Big Data no es más que grandes conjuntos de datos que deben almacenarse y analizarse para revelar patrones, tendencias, asociaciones, etc. Si ya conoce la programación, puede comenzar de inmediato. Aquí están las cosas en las que me enfocaría:
- Bases de datos (principalmente sistemas de bases de datos NoSQL), estructuras de datos
- Python o Golang. Este último es nuevo pero mucho más rápido que Python y otros lenguajes de programación. La programación concurrente es nativa en Go. Está respaldado por Google y parece que tiene un futuro prometedor. Python, por otro lado, es muy maduro, fácil de aprender y súper dinámico. Elige uno, ambos pueden funcionar para Big Data. Hay otros lenguajes de programación que funcionan bastante bien, pero estos dos son de gran uso en el gran espacio de datos.

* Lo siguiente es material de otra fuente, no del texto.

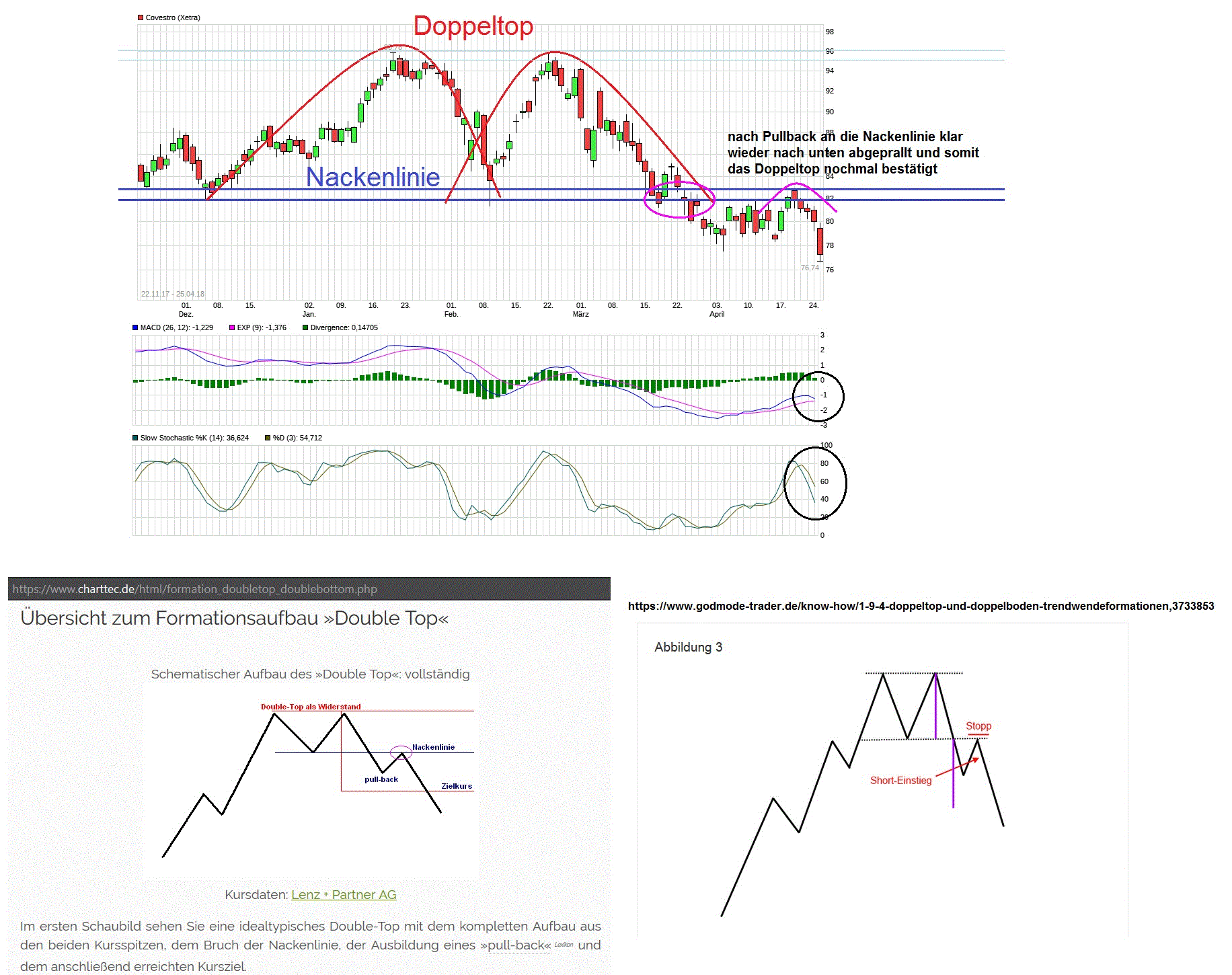 Man sollte Bodenbildungen besser abwarten bis sie wirklich abgeschlossen sind. Zu schnelle Käufe können sich als ungünstig erweisen, wenn man vorschnell schon etwas als abgeschlossen ansieht (was durch den Wunsch danach vielleicht auch zu vorschnell gesehen wird). Solange keine klare nachhaltige Bodenbildung erkennbar ist ( was gegenwärtig noch der Fall ist), kann eben eine kurze Aufwärtsbewegung bei einer vorhergehenden SKS oder einem Doppel-Top nur nochmal ein bestätigender Pullback sein an die zuvor durchbrochene Signallinie / Nackenlinie. Das kommt sehr oft vor und deswegen sind oftmals genau dies die Punkte wo dann Shorties gerne aufspringen. Entsprechend muß man also schauen, ob sich die Abwärtsbewegung nach dem Pullback fortsetzt oder man nochmal einen weiteren Angriff auf die Nackenlinie macht. Solange die Region 82/83 nicht nachhaltig wieder überwunden ist und dann verteidigt wird, solange wäre ich hier erstmal durch das noch immer bestehende Doppeltop vorsichtig. Schauen wir also mal wie der Kurs dann die jetzt kommenden frischen Zahlen und besonders das Prognoseupdates aufnimmt.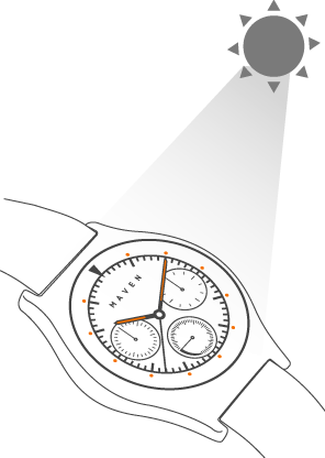 1. Place the dial facing upward to ensure effective light absorption.

- Chispa con Hadoop. Spark está escrito en Scala y le quita la complejidad a Hadoop. Tiene bibliotecas para aprendizaje automático, procesamiento de gráficos, transmisión y muchas otras cosas. Tiene interfaces para Java, Scala, R y Python. Entonces puedes elegir uno de los cuatro. Tenga en cuenta que Spark no es un reemplazo para todo el ecosistema de Hadoop, sino una mejor alternativa a MapReduce.
- Búsqueda elástica, Logstash, Kibana. La pila se llama ELK. El primero es para el almacenamiento y la búsqueda, el segundo es para la recopilación de datos y el tercero es para la visualización. De hecho, esta pila sola es suficiente para la mayoría de las necesidades básicas de almacenamiento y procesamiento de Big Data.
- En el lado del sistema, aprenda sobre Docker, configurando un clúster y cosas básicas de DevOps. En la mayoría de los casos, habrá una persona separada que se encargará de estas cosas, pero no hay nada de malo en aprenderlas.